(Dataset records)
>>>>>

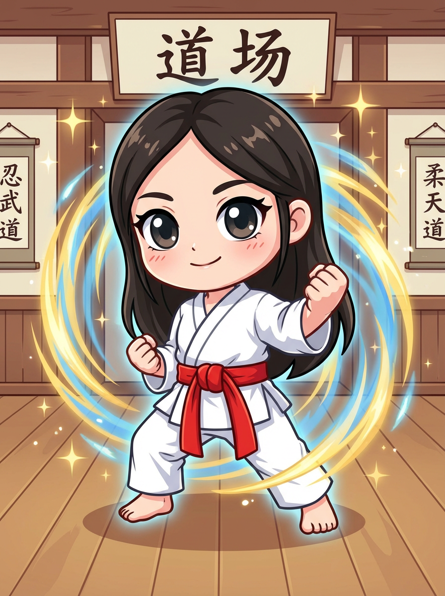 The model as a chibi martial artist, striking a pose with a glowing aura, wearing a mini gi with a big belt . The background is a classic anime dojo. The style is in cute chibi anime illustration.
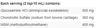 Съставки: глюкозамин сулфат (като калиев хлорид от черупчести /скарида, ракообразен екзоскелет/), МСМ (Метилсулфонилметан), Хондроитин сулфат (натрий от говежди хрущял)
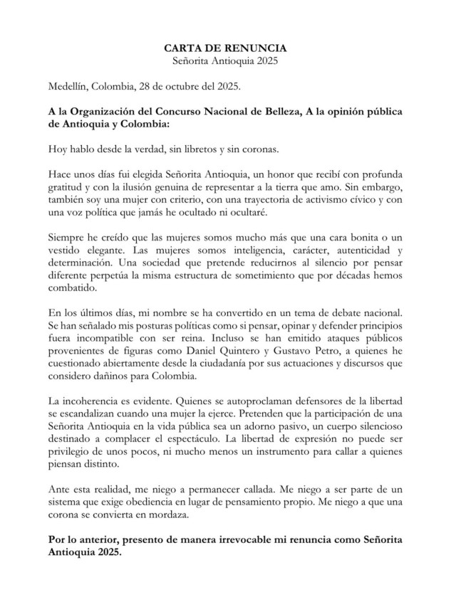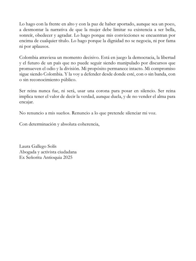 El 28 de octubre de 2025, Laura Gallego publicó un comunicado en redes sociales anunciando su renuncia irrevocable al título de Señorita Antioquia.
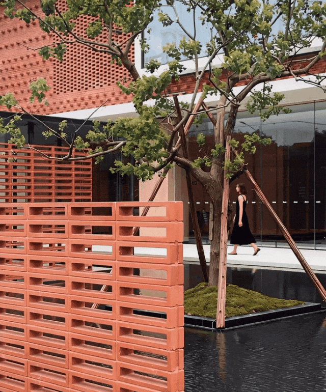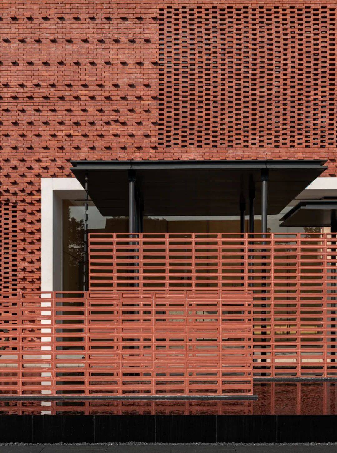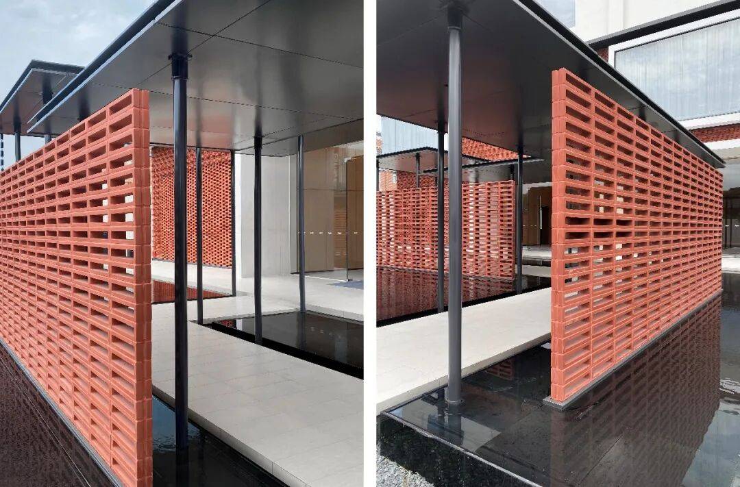 曲折的连廊刻意拉长了行进路径,连廊的挑檐与格栅组合,既延续了岭南建筑“遮荫避雨” 的智慧,又让光线柔和渗入,来访者在缓慢移动中,掠过红砖,穿过树影,临过池边,放松心态,逐渐进入“与光对话” 的沉浸状态。
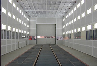 室體主材料 烘道骨架的立柱、橫梁采用□120×120×5方管制作,檁條采用□50×50×4矩形鋼管,均做防腐處理,具有保溫性能好、支撐剛度高的特點;內壁板材料采用厚度為δ1.5mm的鍍鋅鋼板,外壁板采用厚度為δ0.80mm的波紋彩鋼板,中間填充δ200mm厚的巖棉夾芯(巖棉密度為120公斤/立方米)保溫板,室體包邊包角材料為δ1.5mm冷板,保溫性能強,使外壁板溫度不高于室溫5℃。 | 鋼結構平臺 采用14#槽鋼拼焊而成,臺面鋪設δ4mm花紋板,設計在烘干室上方,直接通過立柱與地面相連,即天然氣加熱烤漆烘干房本身不承載鋼結構平臺,兩者是隔開的。在鋼結構平臺上安裝熱風循環加熱系統。為便于操作人員檢修,在平臺一側設置有鋼爬梯,四周設置有安全防護欄桿,爬梯、欄桿均按國家標準設計制作。 | 電動提升門 選用國際新型卷簾門,保溫作用好、抗彎性強,防止冷凝水出現;型材表面為多層烤漆或薄膜層,具有優良的抗劃傷性能,抗腐蝕、不腐化、耐磨、抗敲打、抗撞擊;在啟動運行過程中,快捷且無噪音(速度可達約0.1m/s,噪音小于58分貝) |
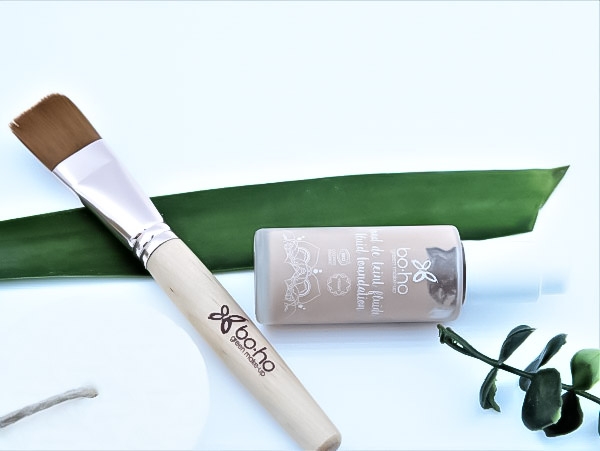 Côté teint, j'ai eu recours à mon produit chouchou actuel, le Fond de Teint Fluide de Boho Green que j'ai appliqué avec un pinceau de la même enseigne. Je le trouve parfait pour véritablement apporter une couvrance sans surcharge et embellir le teint. Il demeure très naturel tout en sublimant l'épiderme. Il cache les petits défauts, lisse le grain de peau et illumine. Un produit idéal lorsque nous cherchons à avoir un teint léger mais néanmoins travaillé.
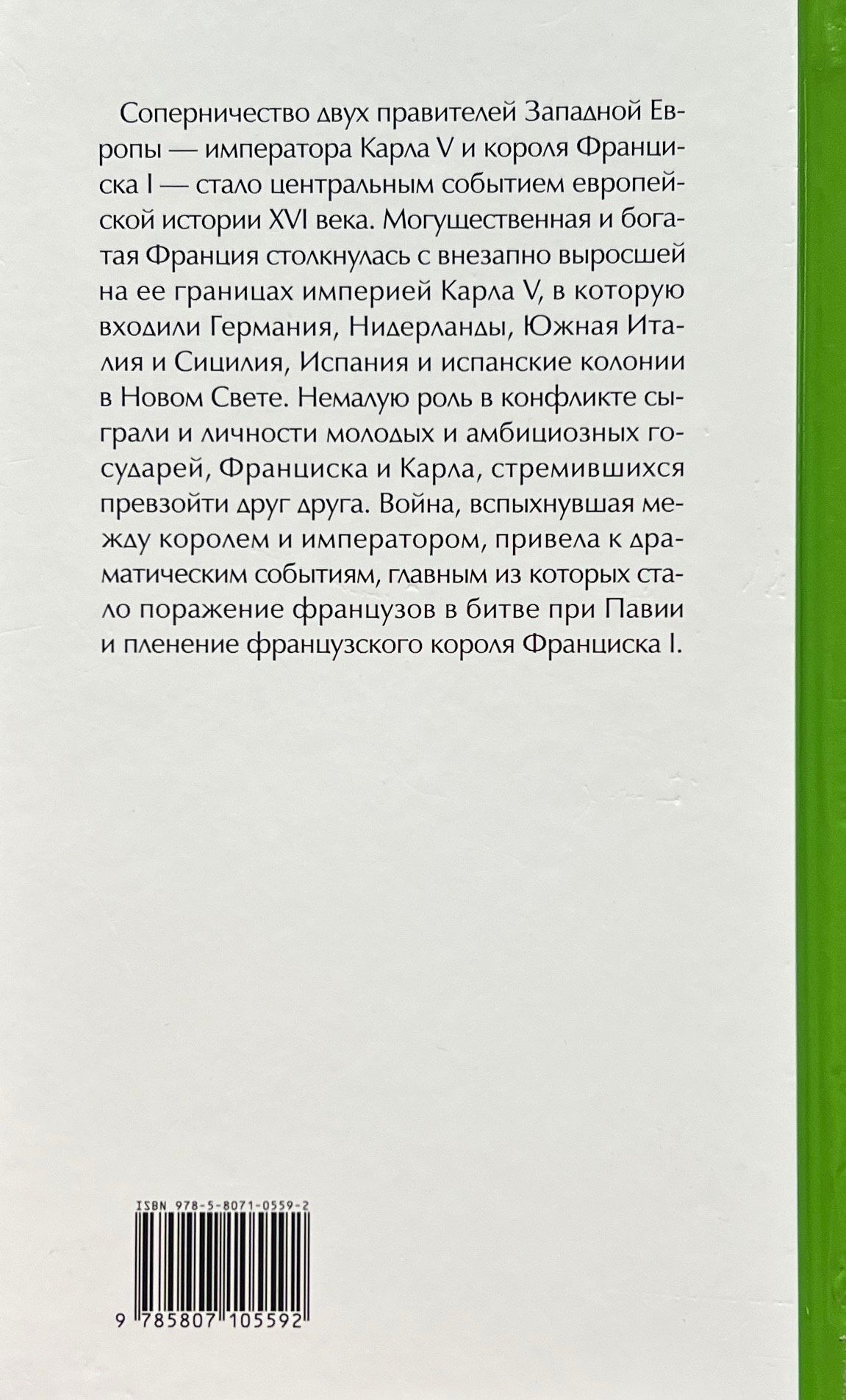 Соперничество двух правителей Западной Европы — императора Карла V и короля Франциска I — стало центральным событием европейской истории XVI века. Могущественная и богатая Франция столкнулась с внезапно выросшей на ее границах империей Карла V, в которую входили Германия, Нидерланды, Южная Италия и Сицилия, Испания и испанские колонии в Новом Свете. Немалую роль в конфликте сыграли и личности молодых и амбициозных государей, Франциска и Карла, стремившихся превзойти друг друга. Война, вспыхнувшая между королем и императором, привела к драматическим событиям, главным из которых стало поражение французов в битве при Павии и пленение французского короля Франциска I.
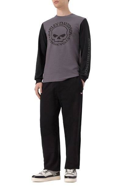 Для изготовления слегка удлиненного лонгслива использовали неравномерно окрашенный льняной трикотаж. Изделие с закругленным низом застегивается брендированными пуговицами в тон.
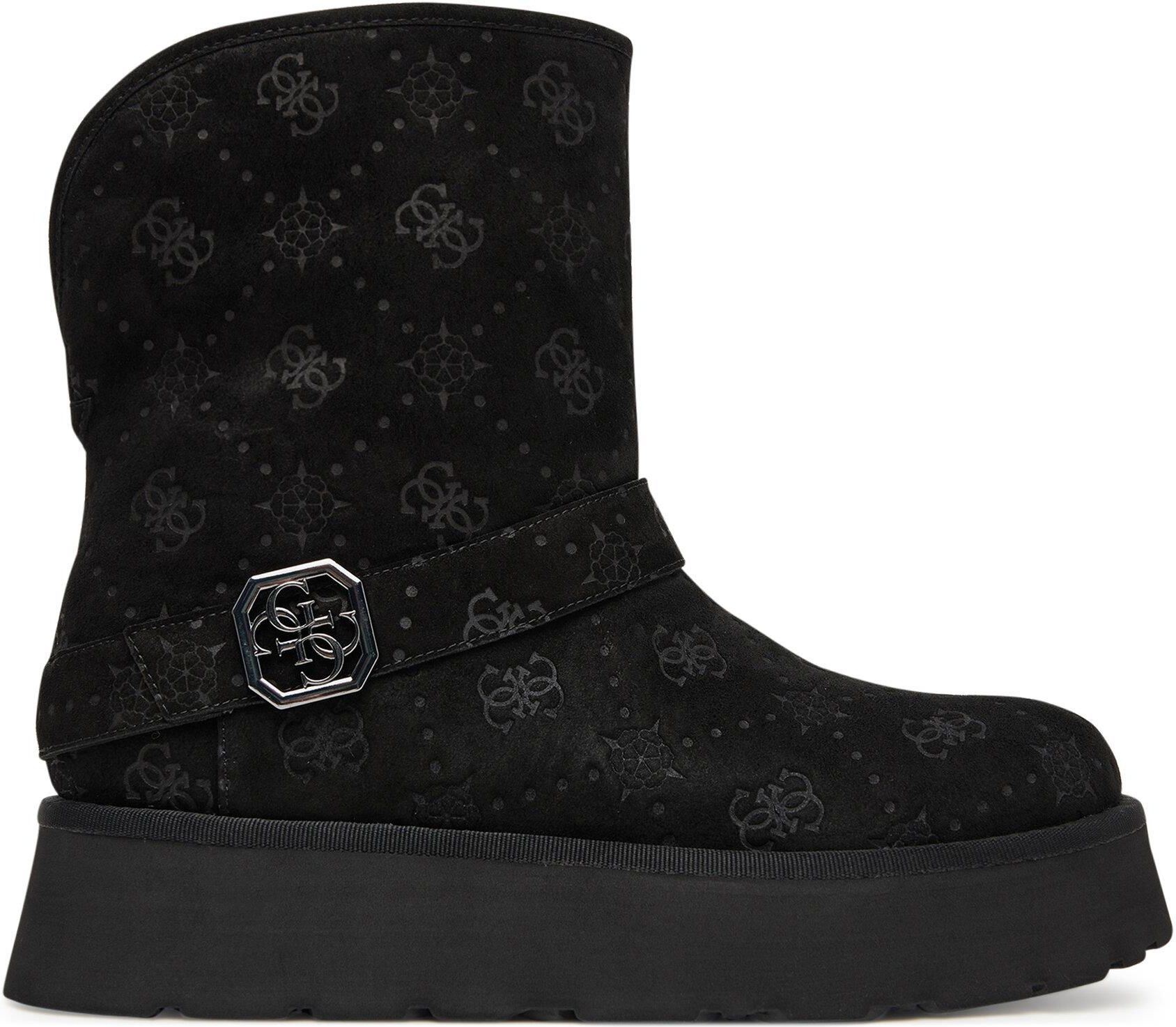 Guess Damskie Śniegowce FLFDOLESU10 Czarny Dodaj do swojej zimowej garderoby styl i funkcjonalność dzięki śniegowcom marki Guess! Wykonane z materiału tekstylnego, buty te łączą nowoczesny design z wygodą noszenia. Wsuwana konstrukcja ułatwia zakładanie i zdejmowanie, a gruba podeszwa zapewnia doskonałą izolację od zimnego podłoża oraz stabilność na każdej nawierzchni. To wyjątkowy wybór dla kobiet, które cenią sobie komfort i modny wygląd w chłodne dni. Śniegowce Guess to idealne uzupełnienie zimowych stylizacji oraz niezastąpiony towarzysz podczas zimowych spacerów!
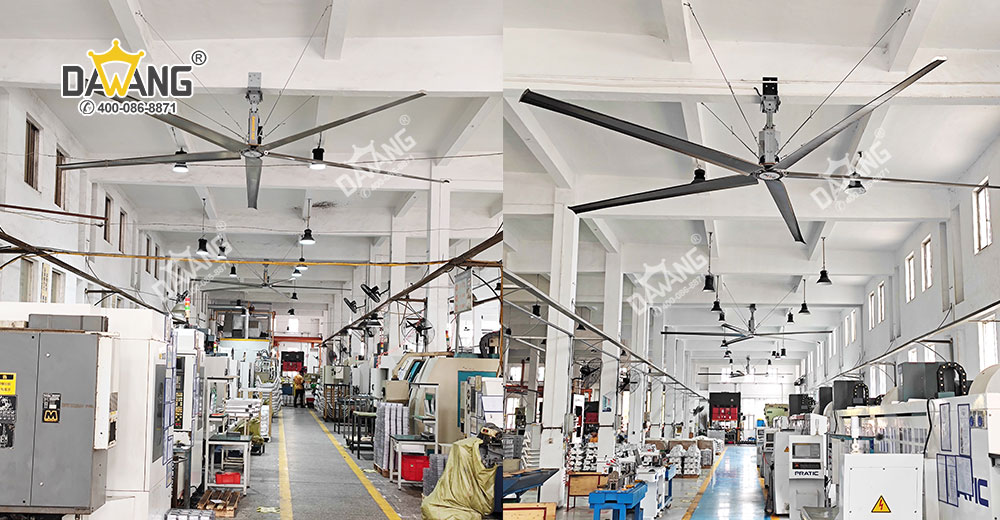 鋁廠作業車間設備密集、材料堆積多,散熱難、通風差。夏季高溫時,車間內設備釋放的熱量讓作業環境更加炎熱難耐。原本安裝的小型壁扇,風量小,通風降溫效果在偌大的車間里效果不明顯。車間空間大,空調安裝、設計復雜,耗能也高,長期使用也是一筆不小的開支。

<<<<<

Leave the pictures out. Repeat every entry above exactly.

 The model as a chibi martial artist, striking a pose with a glowing aura, wearing a mini gi with a big belt . The background is a classic anime dojo. The style is in cute chibi anime illustration.
 Съставки: глюкозамин сулфат (като калиев хлорид от черупчести /скарида, ракообразен екзоскелет/), МСМ (Метилсулфонилметан), Хондроитин сулфат (натрий от говежди хрущял)
 El 28 de octubre de 2025, Laura Gallego publicó un comunicado en redes sociales anunciando su renuncia irrevocable al título de Señorita Antioquia.
 曲折的连廊刻意拉长了行进路径,连廊的挑檐与格栅组合,既延续了岭南建筑“遮荫避雨” 的智慧,又让光线柔和渗入,来访者在缓慢移动中,掠过红砖,穿过树影,临过池边,放松心态,逐渐进入“与光对话” 的沉浸状态。
 室體主材料 烘道骨架的立柱、橫梁采用□120×120×5方管制作,檁條采用□50×50×4矩形鋼管,均做防腐處理,具有保溫性能好、支撐剛度高的特點;內壁板材料采用厚度為δ1.5mm的鍍鋅鋼板,外壁板采用厚度為δ0.80mm的波紋彩鋼板,中間填充δ200mm厚的巖棉夾芯(巖棉密度為120公斤/立方米)保溫板,室體包邊包角材料為δ1.5mm冷板,保溫性能強,使外壁板溫度不高于室溫5℃。 | 鋼結構平臺 采用14#槽鋼拼焊而成,臺面鋪設δ4mm花紋板,設計在烘干室上方,直接通過立柱與地面相連,即天然氣加熱烤漆烘干房本身不承載鋼結構平臺,兩者是隔開的。在鋼結構平臺上安裝熱風循環加熱系統。為便于操作人員檢修,在平臺一側設置有鋼爬梯,四周設置有安全防護欄桿,爬梯、欄桿均按國家標準設計制作。 | 電動提升門 選用國際新型卷簾門,保溫作用好、抗彎性強,防止冷凝水出現;型材表面為多層烤漆或薄膜層,具有優良的抗劃傷性能,抗腐蝕、不腐化、耐磨、抗敲打、抗撞擊;在啟動運行過程中,快捷且無噪音(速度可達約0.1m/s,噪音小于58分貝) |
 Côté teint, j'ai eu recours à mon produit chouchou actuel, le Fond de Teint Fluide de Boho Green que j'ai appliqué avec un pinceau de la même enseigne. Je le trouve parfait pour véritablement apporter une couvrance sans surcharge et embellir le teint. Il demeure très naturel tout en sublimant l'épiderme. Il cache les petits défauts, lisse le grain de peau et illumine. Un produit idéal lorsque nous cherchons à avoir un teint léger mais néanmoins travaillé.
 Соперничество двух правителей Западной Европы — императора Карла V и короля Франциска I — стало центральным событием европейской истории XVI века. Могущественная и богатая Франция столкнулась с внезапно выросшей на ее границах империей Карла V, в которую входили Германия, Нидерланды, Южная Италия и Сицилия, Испания и испанские колонии в Новом Свете. Немалую роль в конфликте сыграли и личности молодых и амбициозных государей, Франциска и Карла, стремившихся превзойти друг друга. Война, вспыхнувшая между королем и императором, привела к драматическим событиям, главным из которых стало поражение французов в битве при Павии и пленение французского короля Франциска I.
 Для изготовления слегка удлиненного лонгслива использовали неравномерно окрашенный льняной трикотаж. Изделие с закругленным низом застегивается брендированными пуговицами в тон.
 Guess Damskie Śniegowce FLFDOLESU10 Czarny Dodaj do swojej zimowej garderoby styl i funkcjonalność dzięki śniegowcom marki Guess! Wykonane z materiału tekstylnego, buty te łączą nowoczesny design z wygodą noszenia. Wsuwana konstrukcja ułatwia zakładanie i zdejmowanie, a gruba podeszwa zapewnia doskonałą izolację od zimnego podłoża oraz stabilność na każdej nawierzchni. To wyjątkowy wybór dla kobiet, które cenią sobie komfort i modny wygląd w chłodne dni. Śniegowce Guess to idealne uzupełnienie zimowych stylizacji oraz niezastąpiony towarzysz podczas zimowych spacerów!
 鋁廠作業車間設備密集、材料堆積多,散熱難、通風差。夏季高溫時,車間內設備釋放的熱量讓作業環境更加炎熱難耐。原本安裝的小型壁扇,風量小,通風降溫效果在偌大的車間里效果不明顯。車間空間大,空調安裝、設計復雜,耗能也高,長期使用也是一筆不小的開支。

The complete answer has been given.